Where are you, President Sanders?



The US Democratic Party establishment has now paid the highest of all electoral prices for previously sabotaging the candidacy of veteran socialist Bernie Sanders in favour of such a deeply compromised neo-liberal insider as Hillary Clinton.   At moments of deep national crisis and self-division, if you do not offer working-class voters a leftwing populism, you will tend to get a populism of the right –  and sometimes the far right – instead, as we ourselves recently saw with the Brexit vote.  Donald Trump appealed to an American working class which has lost out so deeply to globalisation, with many of its traditional manufacturing jobs exported overseas, and waves of mass immigration undercutting its grasp on the remaining low-wage service jobs at home. 

Can left-liberalism, or even the metropolitan Left itself, simply not see the truth in such arguments, or how deeply they accord with the experience of the US “rustbelt” or of our own working-class neighbourhoods?  Good as he is on many other policies, Jeremy Corbyn clearly doesn’t have a clue on this, as when he announced recently, of EU immigration to London, “I don’t think too many have come”.  Until we have a Left politics that can actually tap into contemporary working-class anxieties, as Sanders in his campaign to be Democratic presidential nominee did indeed seem to be doing, it will be the Right – Trump in the US, the Tory hard-Brexiteers or UKIP over here – that capitalises on the very profound disaffection with the current world economic system that so clearly exists.  

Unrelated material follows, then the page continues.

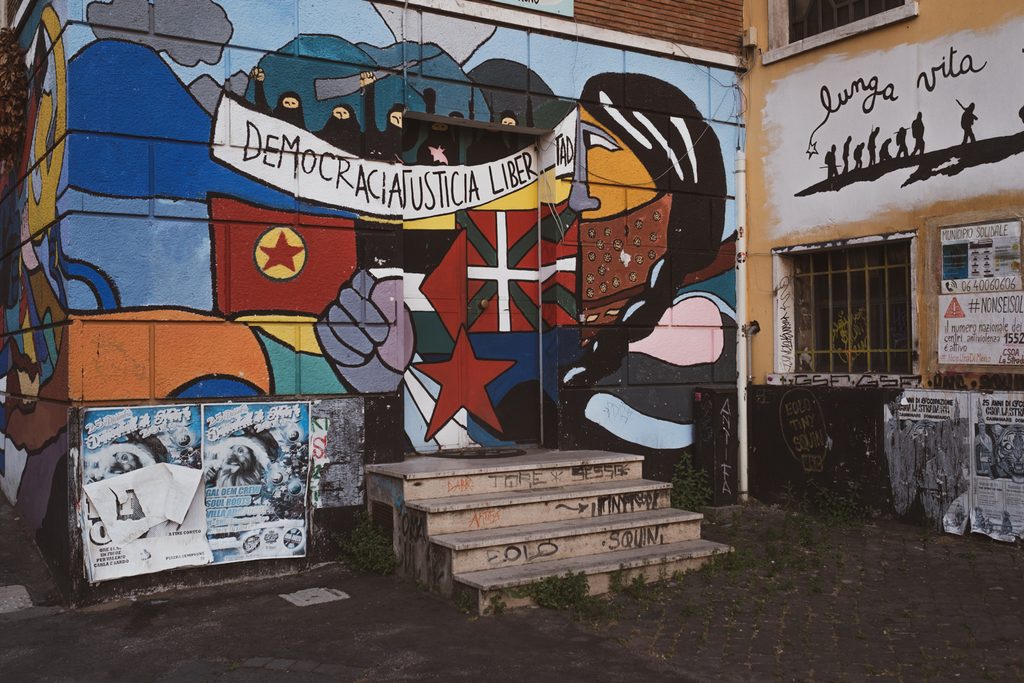 È qui, in piazza Brin, che col sacco della cooperativa inizia anche l’eterno conflitto tra la borgata e il fascismo – che, ricordiamo, non ebbe il merito di iniziare la costruzione di Garbatella, ma di spingere sull’acceleratore dell’edilizia semplificandone il modello originario con le “case rapide” o gli “Alberghi” di piazza Biffi, che poi divennero anche una sorta di ghetto per dissidenti del regime. Perché la Garbatella di oggi è ancora legata indissolubilmente alla sua storia, è un’evoluzione di quell’identità: il quartiere che ieri mal tollerava i discorsi del duce nel Cinema Teatro Garbatella (oggi Palladium), che nascondeva gli ebrei e i dissidenti del fascismo, che esponeva le bandiere rosse alle finestre quando nel ’50 i missini attaccavano (fallendo) la sede del Partito Comunista Italiano, l’ancora oggi (r)esistente La Villetta, il quartiere che quando nel 1970 i giovani scendevano in piazza contro le guerre americane li nascondeva e proteggeva dalle cariche della polizia come fossero tutti suoi figli. Borgata rossa (e orgogliosamente giallo rossa), Garbatella oggi è il cuore dell’esperimento “Municipio Solidale”, una rete sociale voluta dall’attuale presidente del Municipio VIII Amedeo Ciaccheri durante la recente emergenza sanitaria ed economica in supporto alle famiglie in difficoltà, ma soprattutto che tiene viva quella rete sociale – attraverso i cittadini volontari ma pure attraverso molte realtà culturali e politiche – che è l’energia dal basso che tiene in vita il quartiere, mantenendone viva e vigile l’anima, pur nella sua estetica tranquilla e bucolica.

No William Morris link worked in here, I admit; but today's political events are so momentous I feel I can justifiably do without one for once.

Saturday 5 November 2016

In Defence of Libraries



In her epic biography of Morris, Fiona MacCarthy calls him ‘one of nature’s library users, perhaps because he came to behave as if he owned them’; and she tells H.M. Hyndman’s story of Morris effortlessly dating illuminated missals in the Bodleian Library in Oxford.  In News from Nowhere Henry Morsom travels to Oxford to ‘get a book or two’ out of the Bodleian, so it is good to know that in utopia that prestigious institution will be democratised, and become a lending rather than purely reference library.  I think we can safely assume, then, that Morris would support today’s demonstration in London in defence of public libraries, particularly since it involves a march between those eminently Morrisian locations, the British Library and Trafalgar Square.


As an excellent article in today’s Guardian informs us: 1/ spending by councils on library services fell by 20% between 2010 and 2015; 2/ 25% of all jobs in libraries – some 8000 in total – have been lost since May 2010; and 3/ one in eight council-run libraries has been closed or transferred out of the public sector in the past six years.  We might have thought the Tory austerity project had been thoroughly overtaken by the complications of Brexit, but no, it is alive and viciously kicking, just as much as it ever was in the Cameron-Osborne years.  Our public libraries, which are such crucial cultural resources for disadvantaged families (as I know from my own childhood), are being butchered by the Conservatives, so more power to the elbows of our admirable London protestors!